AFAIK, there is a huge influx of bills introduced right before most recesses
(or other related times), most offered with no intention of going anywhere,
and they don't even follow up on them.

They are done so the congressperson who introduced it can go back home and
tell folks "that's why I just introduced a bill in congress to do X".

It sounds impressive, but it's completely meaningless.

I'm not suggesting this is what is happening here, but i'm just pointing out
that corruption is not always related to "good" bills failing.

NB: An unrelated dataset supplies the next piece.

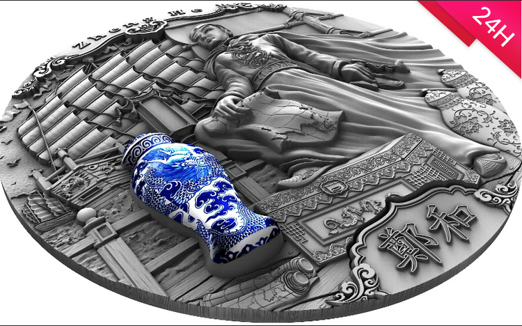 Widzimy admirała Zheng He, który nieustraszenie spogląda ku nowym lądom na horyzoncie. W tle znajduje się statek baochuan – największa z jednostek floty chińskiego admirała. Dodatkową ozdobą i kolorowym akcentem jest ręcznie malowana wstawka z porcelany, oddająca najdrobniejsze szczegóły.

It may be have
been introduced just to start a discussion, and make clear how much support
there is, to test the waters of the committees, or a million other non-
lobbyist reasons that would mean it will never go anywhere.

------
GhotiFish
While you're contacting your local representatives, don't forget to mention
what happened to the people[1] and organizations[2] that dared to support
SOPA, because the inverse just might happen here.

[1]:[https://en.wikipedia.org/wiki/List_of_US_Congresspersons_who...](https://en.wikipedia.org/wiki/List_of_US_Congresspersons_who_support_or_oppose_SOPA/PIPA)

[2]:[https://en.wikipedia.org/wiki/List_of_organizations_with_off...](https://en.wikipedia.org/wiki/List_of_organizations_with_official_stances_on_the_SOPA_and_PIPA)